My cousin Ethan moved to France. "Moving away from America doesn’t keep you from worrying about it," he says. That makes sense to me. Through the trees across the street, I see our neighbor, Nord, planting flowers. He works on his yard like crazy. It’s beautiful, and he’s made a bee colony and garden. That’s how he deals with it—gardening and making the neighborhood more beautiful.
[9:00 p.m.] I realized the films of Hayao Miyazaki are available to stream for the first time. With great enthusiasm, I queue up Ponyo for me and the girls. We cuddle on the couch together and watch. The colors and the story always brings tears to my eyes. Ponyo is a fish that wants to be a girl. They don’t know why tears come to my eyes, and I laugh. "It’s the colors," I say.

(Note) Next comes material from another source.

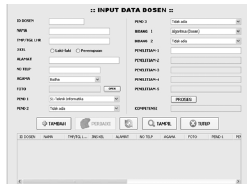
Gambar 6 Desain Interface Data Dosen

Tombol tambah, hapus, perbaikan, tampil, dan tutup memanfaatkan property text yang digunakan untuk memberi keterangan pada tombol, font untuk mengubah tampilan, serta icon untuk memberi gambar pada tombol. Event yang digunakan adalah actionPerfomed dan KeyPressed . Event actionPerfomed digunakan untuk menjalankan kode program saat tombol di eksekusi. Event KeyPressed digunakan untuk menuliskan kode program yang dijalankan dengan menekan keyboard. Untuk menampilkan data digunakan komponen tabel dengan property model untuk pengaturan nama kolom dan jumlah kolom.
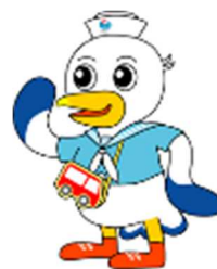
神戸運輸監理部マスコットキャラクター「こうべえ」

今月は、帆船日本丸が神戸港に1 か月近く停泊していたので、ご覧に なられた方も多いのではないでしょ うか。船っていいですね。

[11:00 p.m.] I once heard in Spain, at midnight, you would find families out in the parks, children playing. I know that’s too late for kids to go to bed, but if they go to bed at 8, they will wake us up too early. I’ve gone through phases where I get up at 5, but not right now. We read a short book, kiss the girls goodnight, and I go into my studio "C" which is in my closet. Lillie is enjoying her sherry and an English mystery show. There’s some pedals and a drum machine in studio C, and I like to mess around before I fall asleep.
Before bed, I remember how grateful I am to be here and healthy. I wish for peace on earth and pray to continue to grow and become a better version of myself.